§ **PROVIDED RECORDS**
--*--
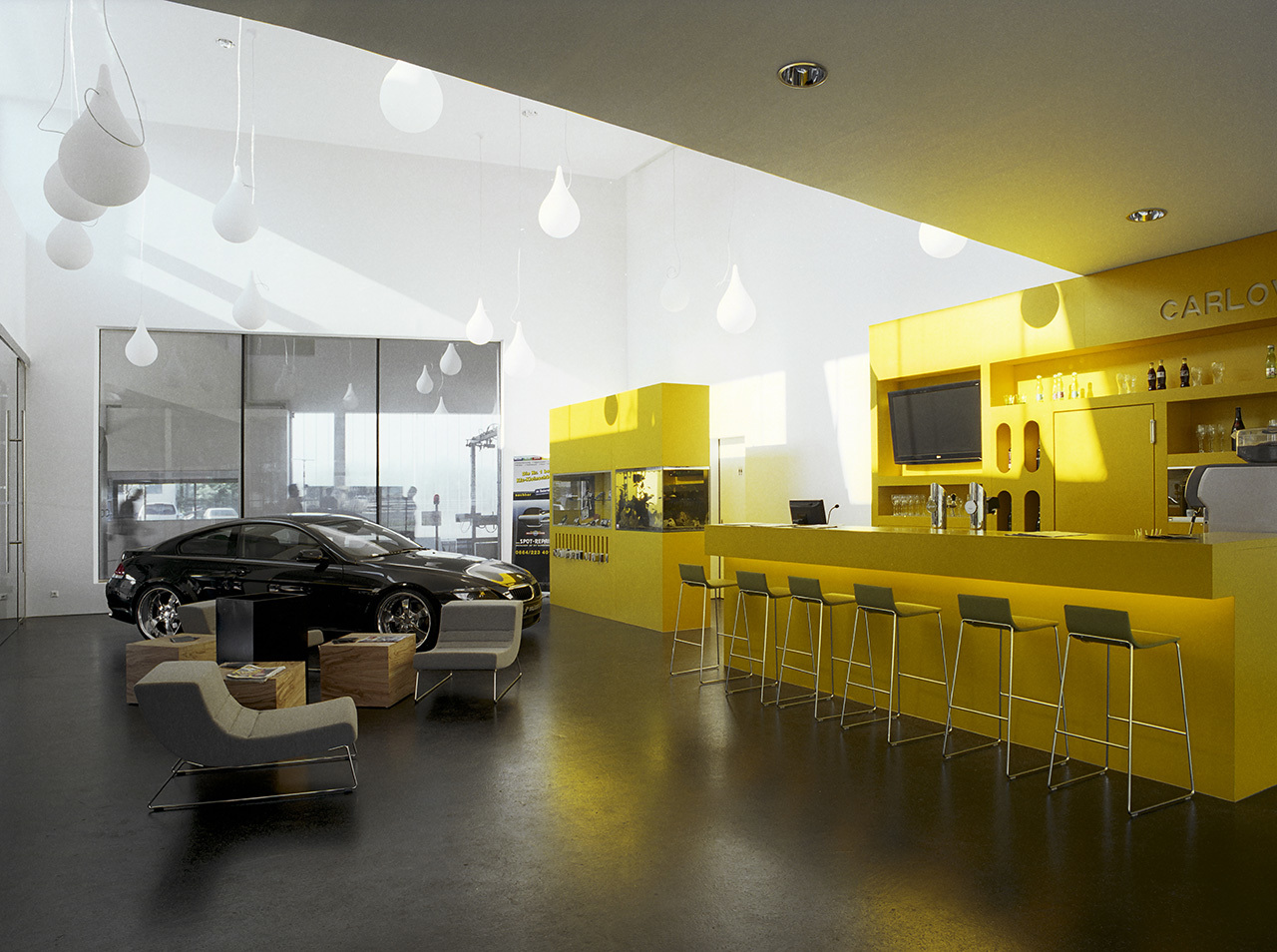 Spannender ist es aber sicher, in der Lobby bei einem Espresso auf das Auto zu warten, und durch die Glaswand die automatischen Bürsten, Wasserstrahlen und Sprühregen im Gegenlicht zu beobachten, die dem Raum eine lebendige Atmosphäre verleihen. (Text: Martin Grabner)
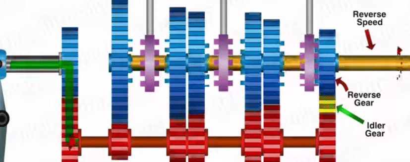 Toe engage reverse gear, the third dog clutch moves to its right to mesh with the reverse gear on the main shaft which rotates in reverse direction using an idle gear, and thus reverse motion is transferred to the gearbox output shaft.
--*--
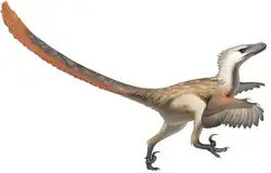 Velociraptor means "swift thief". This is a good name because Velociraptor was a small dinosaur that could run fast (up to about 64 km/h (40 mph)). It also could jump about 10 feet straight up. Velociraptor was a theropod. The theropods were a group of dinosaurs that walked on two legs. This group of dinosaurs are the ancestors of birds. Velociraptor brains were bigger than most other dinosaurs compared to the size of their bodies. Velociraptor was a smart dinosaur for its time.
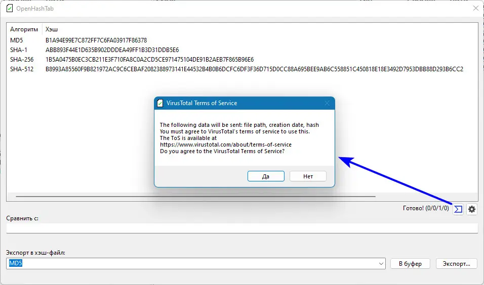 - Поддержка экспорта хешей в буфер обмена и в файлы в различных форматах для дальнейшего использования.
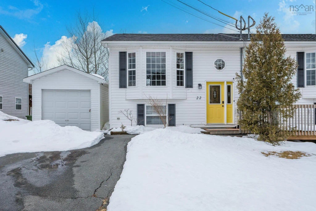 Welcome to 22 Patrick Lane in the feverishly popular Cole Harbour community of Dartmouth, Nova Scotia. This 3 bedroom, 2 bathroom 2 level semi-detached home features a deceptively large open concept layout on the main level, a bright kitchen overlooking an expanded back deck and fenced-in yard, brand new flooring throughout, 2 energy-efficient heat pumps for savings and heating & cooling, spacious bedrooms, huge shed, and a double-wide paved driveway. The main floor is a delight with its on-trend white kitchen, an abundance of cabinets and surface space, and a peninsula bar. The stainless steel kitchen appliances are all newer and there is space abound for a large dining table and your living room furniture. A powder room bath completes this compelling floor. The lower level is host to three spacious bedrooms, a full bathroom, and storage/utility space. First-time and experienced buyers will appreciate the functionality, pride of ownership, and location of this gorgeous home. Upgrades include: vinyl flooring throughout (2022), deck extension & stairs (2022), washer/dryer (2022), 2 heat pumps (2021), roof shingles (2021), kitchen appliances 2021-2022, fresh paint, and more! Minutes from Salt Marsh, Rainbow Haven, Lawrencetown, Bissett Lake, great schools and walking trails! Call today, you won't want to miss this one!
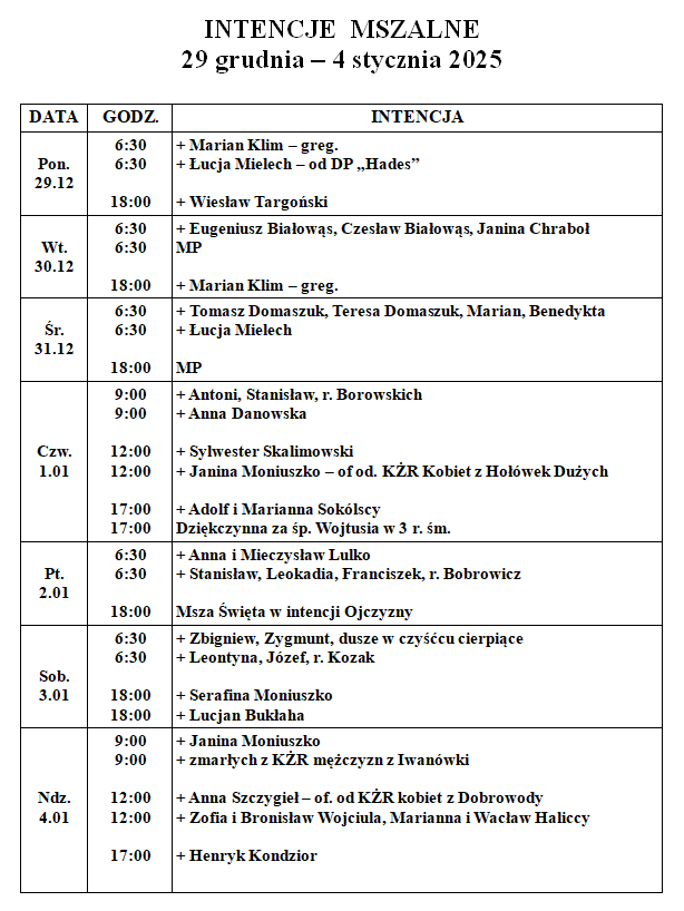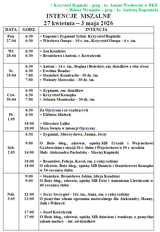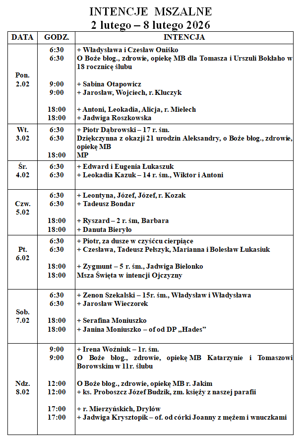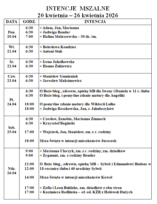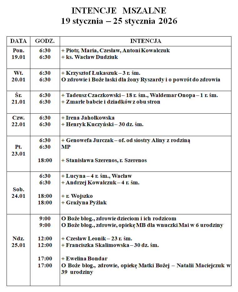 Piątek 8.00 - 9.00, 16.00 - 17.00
--*--
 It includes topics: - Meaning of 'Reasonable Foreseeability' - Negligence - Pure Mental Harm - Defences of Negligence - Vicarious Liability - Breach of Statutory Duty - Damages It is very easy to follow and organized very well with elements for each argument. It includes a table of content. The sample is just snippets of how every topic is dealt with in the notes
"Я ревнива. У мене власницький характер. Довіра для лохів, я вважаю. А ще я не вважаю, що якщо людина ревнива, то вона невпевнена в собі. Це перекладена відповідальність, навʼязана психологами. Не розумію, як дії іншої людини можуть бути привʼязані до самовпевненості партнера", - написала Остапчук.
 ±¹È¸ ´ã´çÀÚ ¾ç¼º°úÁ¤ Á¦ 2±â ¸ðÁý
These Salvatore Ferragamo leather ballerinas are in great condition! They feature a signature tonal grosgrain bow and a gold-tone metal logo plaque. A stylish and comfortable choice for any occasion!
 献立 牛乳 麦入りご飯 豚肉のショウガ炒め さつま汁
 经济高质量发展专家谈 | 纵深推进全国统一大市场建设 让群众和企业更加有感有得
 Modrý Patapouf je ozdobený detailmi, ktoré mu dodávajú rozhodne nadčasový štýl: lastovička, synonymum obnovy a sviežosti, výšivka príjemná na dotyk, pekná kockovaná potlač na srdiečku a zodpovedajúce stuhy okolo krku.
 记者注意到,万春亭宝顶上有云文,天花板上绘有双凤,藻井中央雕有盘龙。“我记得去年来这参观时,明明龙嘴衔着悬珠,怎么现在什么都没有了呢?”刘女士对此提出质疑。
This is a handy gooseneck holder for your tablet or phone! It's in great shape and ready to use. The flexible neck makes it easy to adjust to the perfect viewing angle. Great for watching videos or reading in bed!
--*--
Please count the lines in the material above where the word "easy" occurs, and give only the number.

§ **ANSWER FOR THIS EXERCISE**
2